Бабушка Младжана, неграмотная крестьянка, качая его на коленях, говорила, что у него, как и у каждого, есть своя звезда, за которой нужно следовать. И каждый раз показывала на яркую звёздочку, правда каждый раз – на разную. Иногда Младжан задавался вопросом, нашёл ли он ту самую свою звезду. Ту, настоящую, или же обманулся и пошёл за другой, решив, что она и есть его путь и судьба. Иногда он думал, что свою настоящую звезду каждый видит лишь в свой последний холодный колючий момент, перед смертью. Он тоже едва не увидел свою однажды, в боснийских горах. – Только представь себе, кум, – говорил Младжан Срджану, глядя на него мечтательным взглядом, который делал его каким-то другим, даже немного незнакомым, чужим – такое же небо было над головой тогда, когда первая обезьяна поднялась на ноги, взяв в руку палку. Насколько мы ничтожны со своими жизнями и проблемами мы понимаем лишь тогда, когда подсчитаем сколько световых лет необходимо свету вон той звёзд, чтобы добраться до нас. Младжан указал рукой в звёздную россыпь над головой – Там может уже и звезды никакой нет, а её свет как послание только сейчас дошёл до нас. Поэтому я думаю – Младжан остановился, зажмурив один глаз – что это послание было адресовано не нам, а кому-то кто лучше и значимей, чем мы. Там, наверху, господствуют гармония и абсолютный порядок, кум. Законы физики менять невозможно. Однажды установленный космический порядок в каждой, в самой мельчайшей частице доведён до совершенства и каждая мельчайшая частица – повторяет модель мира и является, одновременно, её частью. Там для нас места нет. И я имею в виду не только нас с тобой – усмехнулся Младжан – но и людей вообще, то есть, всех людей. Люди всегда что-то нарушают, всегда разрушают, всегда стараются обойти закон. Я люблю звёзды за красоту и порядок, а вот ракеты всяческие и наше желание лезть туда, куда не просят – не люблю. Там, наверху, нам не место. Там гармония, а мы же несём в себе хаос. Где-то должны быть смысл, порядок и правильность: если мы не увидели и не ощутили их на земле, это не значит, что их не существует вовсе. В безграничном пространстве вселенной порядок существуют. И, следовательно, неважно, если их нет здесь, на Земле! – не отводя взгляда с африканского неба говорил Младжан. Именно здесь, под звёздным куполом Африки, вновь жили его детские мечты о своей путеводной звезде. – Ты действительно прав, приятель, во что-то нужно верить – сказал Срджан, двигаясь с проверкой дальше.

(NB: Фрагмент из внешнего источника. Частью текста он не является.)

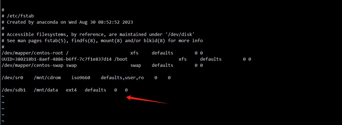 在文件末尾添加一行来描述要永久挂载的分区。例如,假设要永久挂载 /dev/sdb1 到 /mnt/data 使用 ext4 文件系统,添加如下内容: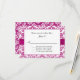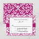 Elegant blomsterbröllopsinbjudan, med ett violett rosa på vitt liljefloralt damaskmönster, grafik av ett violett rosa sidenband löper under ett rosa infattat vitt textområde. Anpassad svart text redo att anpassas för din speciella dag. Matchande produkter finns tillgängliga.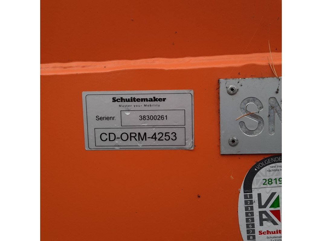 Merk: Schuitemaker Product: Zoutstrooier op aanhanger Kleur: CD-ORM-4253 Materiaal: 38300261 BouwJaar: 2011 Conditie: gebruikt Specificaties: Kenteken: LDV-83-Z Geïmporteerd Eerste toelating nationaal: 13-07-2021 APK vervaldatum: N.v.t. VIN nummer: 38300261 Inhoud 3,5 m3 Leeggewicht ca. 1370 Kg. Maximale toegestane massa ca. 12000 Kg. Inclusief bedieningskast.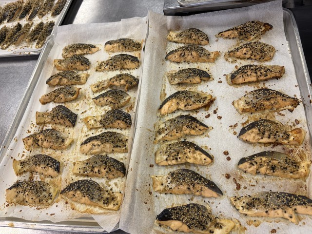 ③さけにごまを付けて焼くことで香ばしくなり、食べやすくしている。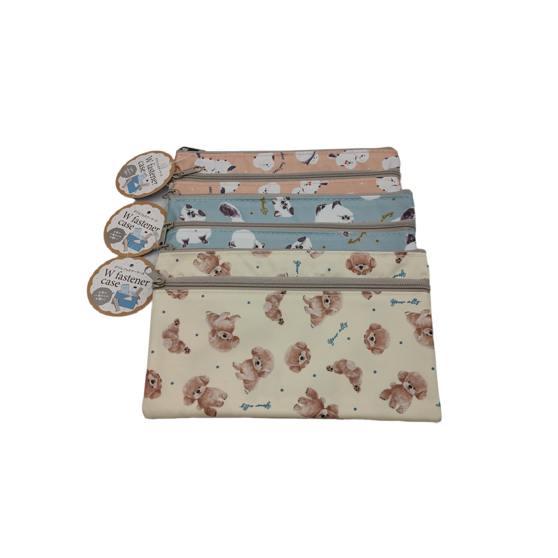 This is a pouch series made of cute dog, cat, and bird patterned fabric.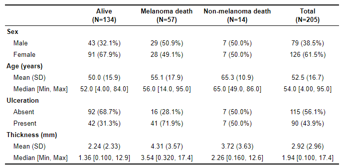 Here’s an example of a summary statistics table generated by table1.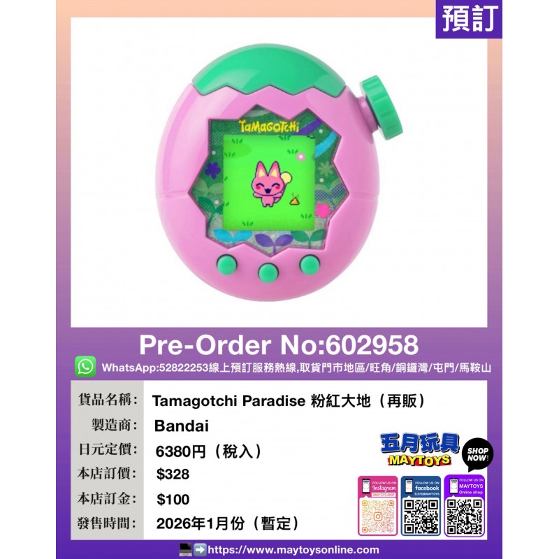4) 預訂貨品會有延期可能,相關資訊請客人自行留意商品官方網站。若因生產商或代理商問題而令貨品出現延期情況本店並不會另行通知客人及退回已收取之訂金,因此請客人考慮清楚是否接受此類情況才決定預訂貨品!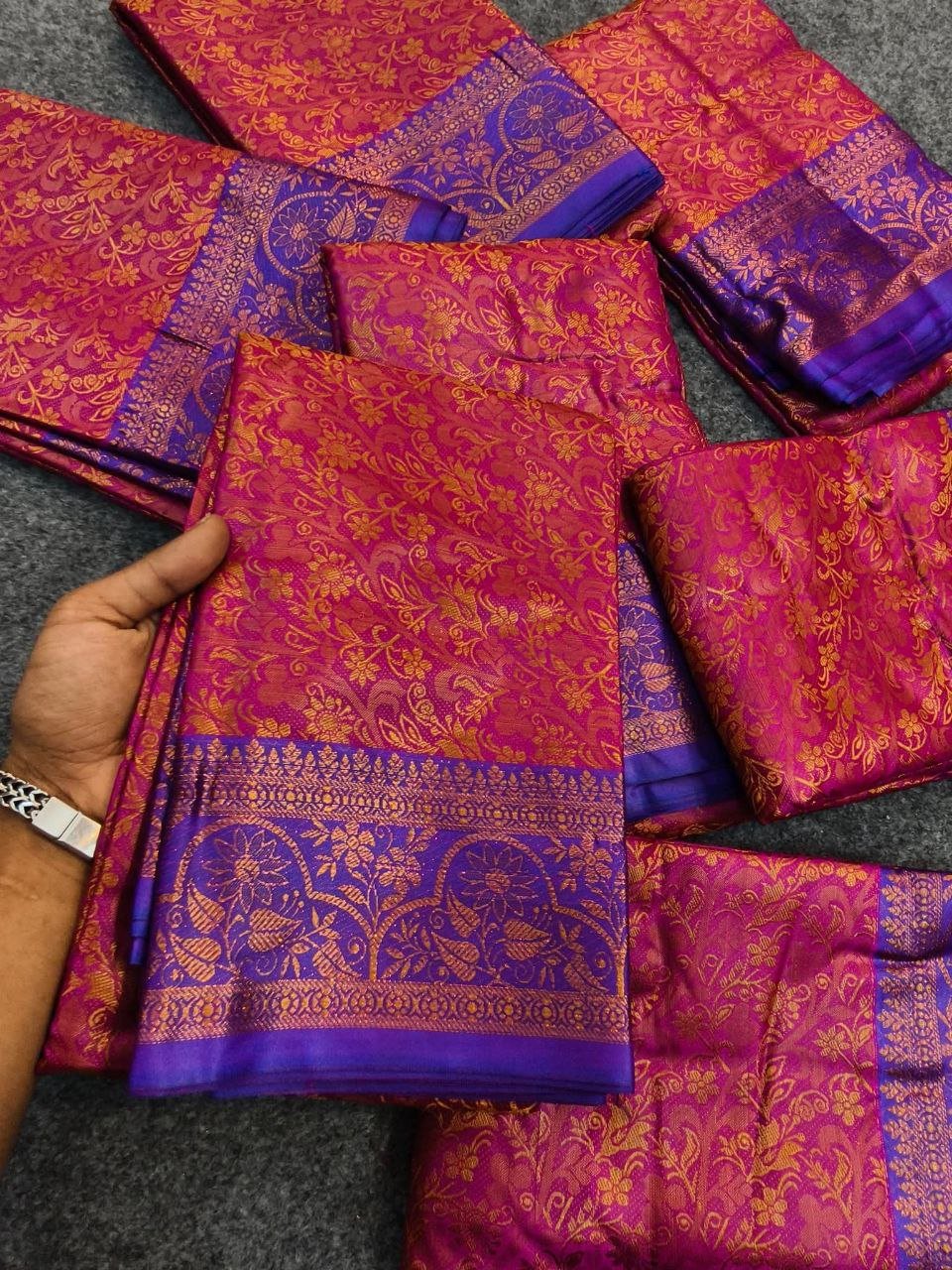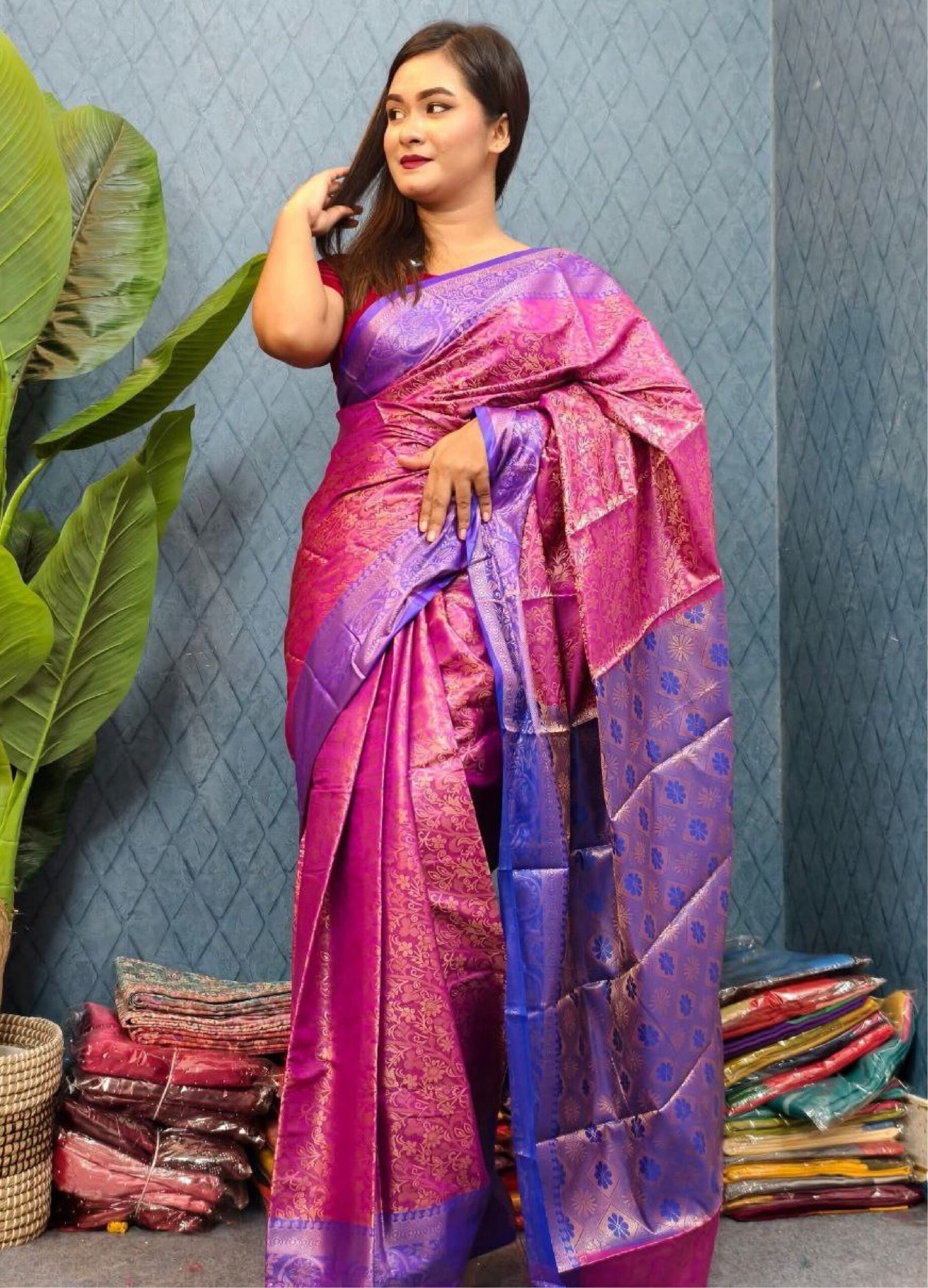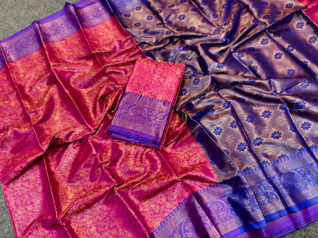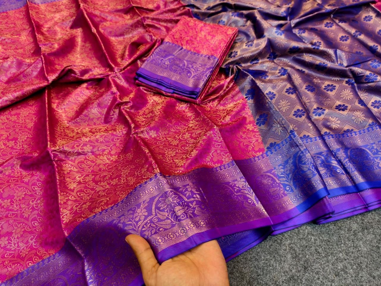কালার কন্টাস্ট কাঞ্চি কাতান শাড়ি + ব্লাউজ পিছ (code-37)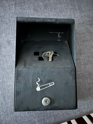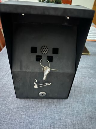 Cenicero de pared de color negro, diseñado para su instalación en exteriores o interiores. - Fabricado en metal resistente. - Incluye un sistema de cierre con llave para su vaciado seguro. - Cuenta con un símbolo de cigarrillo y humo grabado en la parte frontal. - Dispone de una rejilla superior para la introducción de residuos. solo se usó un mes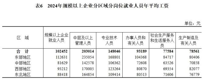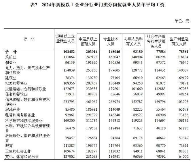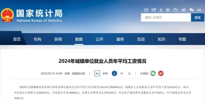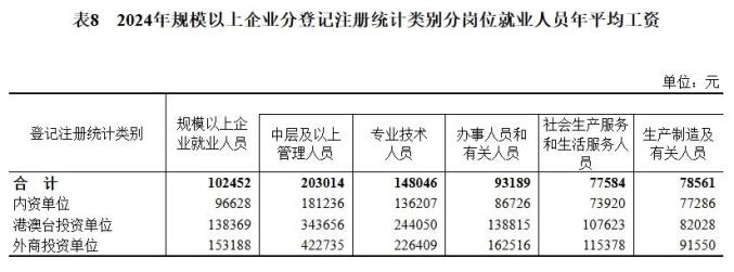 2024年全国城镇非私营单位和私营单位就业人员年平均工资分别为124110元和69476元;规模以上企业就业人员年平均工资为102452元,其中,中层及以上管理人员203014元,专业技术人员148046元,办事人员和有关人员93189元,社会生产服务和生活服务人员77584元,生产制造及有关人员78561元。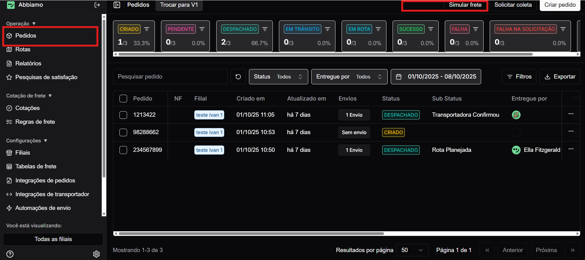 Este artigo orienta como utilizar o recurso de Simulação de Frete na plataforma Abbiamo. A funcionalidade permite consultar rapidamente os valores disponíveis nas tabelas de frete cadastradas para diferentes destinos e pesos, sem necessidade de criar um pedido.

– Ты прав, все мы живём, наплевав на всё, даже на звезды, под которыми мы родились.

Возможно, слово правда имеет большую ценность, чем человек, ведь то, что сказано или написано, то, что мудрецы оставляют после себя в виде послания и завета нам, потомкам, важнее чем их жизни. Слова мудрецов всегда реальны, а биографии – лживы. Слово важнее, чем человек, учения могут пережить века и в виде звёздных посланий дойти даже до тех, кому не были предназначены.

Готовясь ко сну, Срджан прошёл в свою палатку, думая о словах и звёздах. Запах чужих тел, с которыми он делил ночлег, запах пота, стоны и бормотания не мешали ему. Ночь ещё лежала на земле толстым покрывалом, но на востоке уже занималась заря, предвещая жару зарождающегося дня. Разувшись, Срджан лёг на кровать, не удосужившись её расстелить и погрузился в сон без сновидений. Сон, который как и во все предыдущие дни, не даст ему ни отдохновения, ни бодрости, а лишь принесёт боль в пояснице, тяжёлую голову и отёки под глазами.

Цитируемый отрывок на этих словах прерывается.